Люд корил его: он-де к татарам льнет, а кого ему за опору держать, не князей же удельных? Эвон, Федор Ростиславич и Константин Борисович — всего единожды позвал их на Переяславль, а они к нему задом обернулись. Кто из них за князя Андрея доброе слово хану замолвит? Не жди. При случае еще и лягнут, как оболгал его племянник Юрий.
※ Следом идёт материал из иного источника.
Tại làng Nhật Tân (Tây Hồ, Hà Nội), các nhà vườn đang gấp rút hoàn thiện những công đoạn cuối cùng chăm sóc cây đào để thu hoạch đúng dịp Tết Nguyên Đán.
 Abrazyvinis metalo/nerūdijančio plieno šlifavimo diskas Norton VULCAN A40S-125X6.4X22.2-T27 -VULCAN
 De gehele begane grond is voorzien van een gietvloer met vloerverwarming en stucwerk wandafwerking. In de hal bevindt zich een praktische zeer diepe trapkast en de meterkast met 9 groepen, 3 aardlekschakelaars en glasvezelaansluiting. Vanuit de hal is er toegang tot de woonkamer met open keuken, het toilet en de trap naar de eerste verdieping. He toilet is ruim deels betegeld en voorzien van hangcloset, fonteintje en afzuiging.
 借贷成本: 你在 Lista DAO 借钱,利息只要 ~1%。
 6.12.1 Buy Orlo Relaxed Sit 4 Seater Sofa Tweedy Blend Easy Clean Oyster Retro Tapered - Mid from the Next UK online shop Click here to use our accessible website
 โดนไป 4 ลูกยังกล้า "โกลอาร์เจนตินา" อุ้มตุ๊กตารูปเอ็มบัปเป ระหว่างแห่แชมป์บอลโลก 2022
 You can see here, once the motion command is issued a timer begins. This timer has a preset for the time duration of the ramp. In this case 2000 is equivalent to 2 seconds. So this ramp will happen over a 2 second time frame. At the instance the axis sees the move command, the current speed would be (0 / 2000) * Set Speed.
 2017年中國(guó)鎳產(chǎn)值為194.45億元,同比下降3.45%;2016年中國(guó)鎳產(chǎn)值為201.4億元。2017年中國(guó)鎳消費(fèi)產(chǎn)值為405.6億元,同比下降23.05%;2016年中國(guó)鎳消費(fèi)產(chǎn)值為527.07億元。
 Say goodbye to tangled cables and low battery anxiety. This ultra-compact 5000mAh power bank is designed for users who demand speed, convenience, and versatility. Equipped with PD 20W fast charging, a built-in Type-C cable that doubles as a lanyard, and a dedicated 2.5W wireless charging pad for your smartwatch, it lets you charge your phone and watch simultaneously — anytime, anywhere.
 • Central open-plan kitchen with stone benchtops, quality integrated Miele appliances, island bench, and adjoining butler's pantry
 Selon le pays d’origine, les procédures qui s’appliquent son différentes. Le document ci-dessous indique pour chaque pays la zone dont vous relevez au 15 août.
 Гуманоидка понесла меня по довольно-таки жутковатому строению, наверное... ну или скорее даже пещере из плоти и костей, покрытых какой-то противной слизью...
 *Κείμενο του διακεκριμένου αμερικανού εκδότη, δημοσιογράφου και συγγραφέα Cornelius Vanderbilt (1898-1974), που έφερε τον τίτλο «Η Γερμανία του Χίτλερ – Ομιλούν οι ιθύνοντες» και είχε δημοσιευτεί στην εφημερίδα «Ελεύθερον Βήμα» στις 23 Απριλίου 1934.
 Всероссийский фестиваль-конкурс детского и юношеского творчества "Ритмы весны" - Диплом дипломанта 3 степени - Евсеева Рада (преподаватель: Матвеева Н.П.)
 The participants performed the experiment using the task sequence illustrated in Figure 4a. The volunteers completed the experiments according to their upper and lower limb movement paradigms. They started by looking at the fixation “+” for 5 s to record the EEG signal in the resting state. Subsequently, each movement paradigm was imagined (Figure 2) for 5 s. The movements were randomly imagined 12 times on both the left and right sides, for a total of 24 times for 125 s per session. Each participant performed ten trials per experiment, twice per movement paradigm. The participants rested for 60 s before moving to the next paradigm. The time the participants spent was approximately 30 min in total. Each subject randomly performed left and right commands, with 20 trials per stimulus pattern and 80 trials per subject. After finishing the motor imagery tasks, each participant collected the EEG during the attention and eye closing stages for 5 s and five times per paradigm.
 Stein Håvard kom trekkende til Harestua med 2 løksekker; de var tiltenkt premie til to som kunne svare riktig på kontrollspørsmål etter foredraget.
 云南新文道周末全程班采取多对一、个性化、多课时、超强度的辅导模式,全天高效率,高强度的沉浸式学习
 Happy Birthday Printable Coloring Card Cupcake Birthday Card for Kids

Тот княжеской власти еще не испытал, однако но наущению Даниила ужалил и яд змеиный выпустил. Не с его ли злопыхательств хан Тохта прикрикнул на Андрея:
«Я оставил Переяславль за Москвой, но ты нарушил мою волю, конязь Андрей, пошел войной на московского конязя!»
От тех грозных слов он, князь Андрей, едва памяти не лишился, только и пролепетал:
«Великий хан, я часть Переяславского удела требовал, мне по праву принадлежащего».
Тохта насунил брови:
«Тебе, конязь, лишь то и принадлежит, чем я тебя наделил. И не своевольничай!..»
Приковылял, припадая на больную ногу, тиун. Молчал, смотрел, как сноровисто бегают с поклажей холопы. Великий князь повернулся к тиуну:
Дань нищую привез ты, Елистрат, из полюдья!
Простуженный в дороге тиун ответил, кланяясь:
Обеднели деревни за Клязьмой.
Так ли? Уж не смерды ли разжалобили тебя, Елистрат? Жалеешь мужика, а он от князя ворует. Постояли бы на правеже, поумнели.
Разорили ордынцы тот край. Шайки татарские на деревни наскакивали. Страдает люд, княже. Истощены мужики, а им хлеб растить.
Мыслишь, поверю? — спросил князь насмешливо. Нет, Елистрат, будущей зимой сам по тем землям в полюдье отправлюсь.
Холоп у саней замешкался, поскользнулся, мешок уронил, и зерно просыпалось на снег.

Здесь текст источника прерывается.